The next time you need information about hardwood, you go to the library again. You can ask the mysterious and knowledgeable person for the answer or spend some time and dig through books on your own. After a few trips to the library doing the investigation on your own, you will have learned a lot about hardwood and might not need to visit the library any more to get the answers you need. You’ve become an expert in hardwood. Of course, you’ll use your new knowledge and power for something nobler than creating difficult decisions for those walking into a library.

Likewise, every time you encounter a problem, you have a choice to make. You can immediately try to find the answer by searching the Internet or by asking an expert, or you can investigate the problem on your own. If you investigate a problem on your own, you will increase your skills from the experience regardless of whether you successfully solve the problem.

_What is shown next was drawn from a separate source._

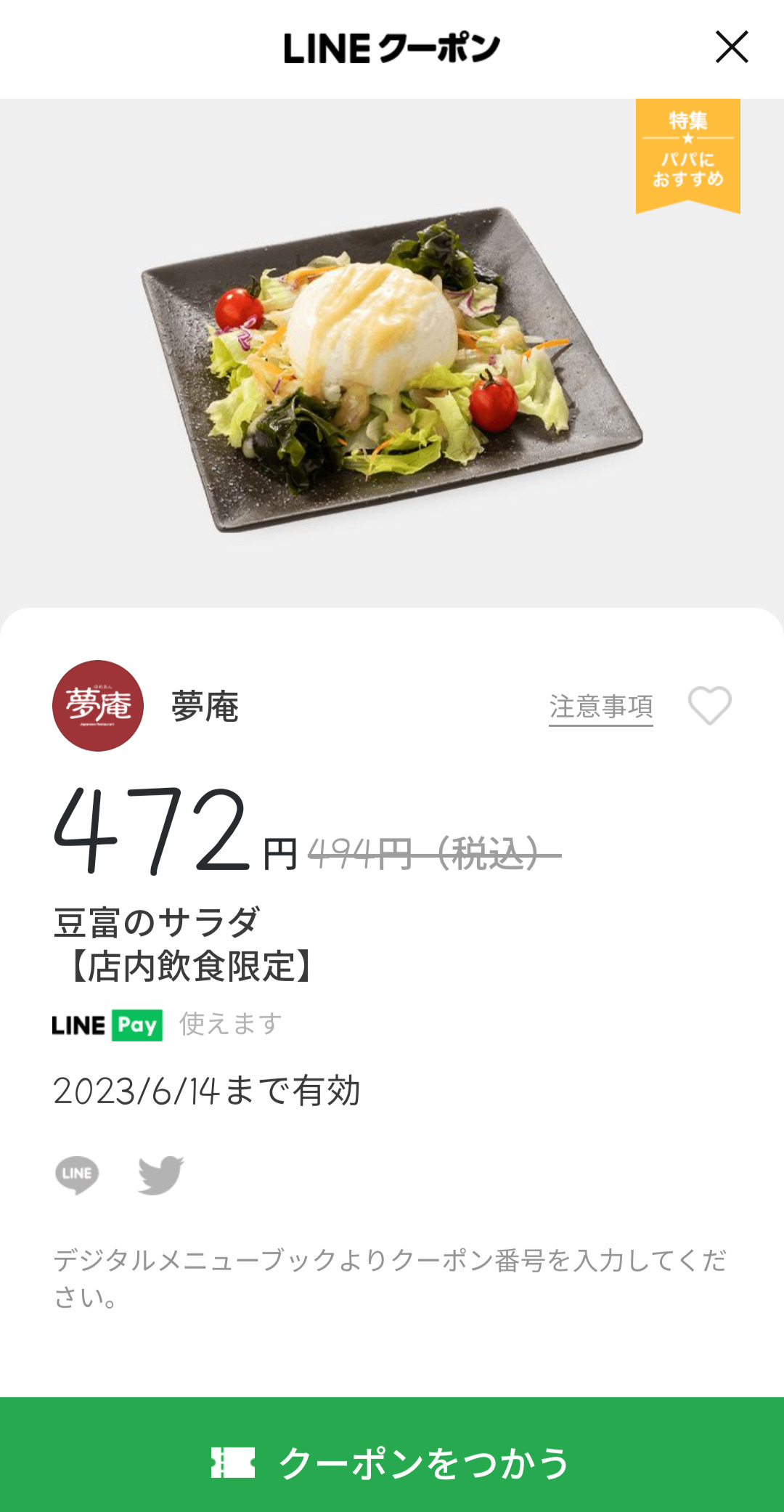 Screenshot_2023-06-08-17-49-14-30 Published 2023年6月8日 at 1080 × 2082 in 【2024年2月最新】夢庵の割引クーポンまとめ情報 広告 ← Previous Next →

Of course, you need to make sure the skills that you would learn by finding the answer on your own will help you again in the future. For example, a physician may have little use for vast knowledge of hardwood ... although she or he may still find it interesting. For a physician that has one question about hardwood every 10 years, it may be better to just ask the expert or look for a shortcut to get the information she or he needs.

The first section of this chapter will outline a useful balance that will solve problems quickly and in many cases even faster than getting a subject matter expert involved (from here on referred to as an expert). How is this possible? Well, getting an expert usually takes time. Most experts are busy with numerous other projects and are rarely available on a minute’s notice. So why turn to them at the first sign of trouble? Not only can you investigate and resolve some problems faster on your own, you can become one of the experts of tomorrow.

There are four phases of problem investigation that, when combined, will both build your skills and solve problems quickly and effectively.

  1. Initial investigation using your own skills.

  2. Search for answers using the Internet or other resource.

  3. Begin deeper investigation.

  4. Ask a subject matter expert for help.

The first phase is an attempt to diagnose the problem on your own. This ensures that you build some skill for every problem you encounter. If the first attempt takes too long (that is, the problem is urgent and you need an immediate solution), move on to the next phase, which is searching for the answer using the Internet. If that doesn't reveal a solution to the problem, don't get an expert involved just yet. The third phase is to dive in deeper on your own. It will help to build some deep skill, and your homework will also be appreciated by an expert should you need to get one involved. Lastly, when the need arises, engage an expert to help solve the problem.

The urgency of a problem should help to guide how quickly you go through the phases. For example, if you’re supporting the New York Stock Exchange and you are trying to solve a problem that would bring it back online during the peak hours of trading, you wouldn’t spend 20 minutes surfing the Internet looking for answers. You would get an expert involved immediately.

The type of problem that occurred should also help guide how quickly you go through the phases. If you are a casual at-home Linux user, you might not benefit from a deep understanding of how Linux device drivers work, and it might not make sense to try and investigate such a complex problem on your own. It makes more sense to build deeper skills in a problem area when the type of problem aligns with your job responsibilities or personal interests.

1.3.1 Phase #1: Initial Investigation Using Your Own Skills

Basic information you should always make note of when you encounter a problem is:

  • The exact time the problem occurred

  • Dynamic operating system information (information that can change frequently over time)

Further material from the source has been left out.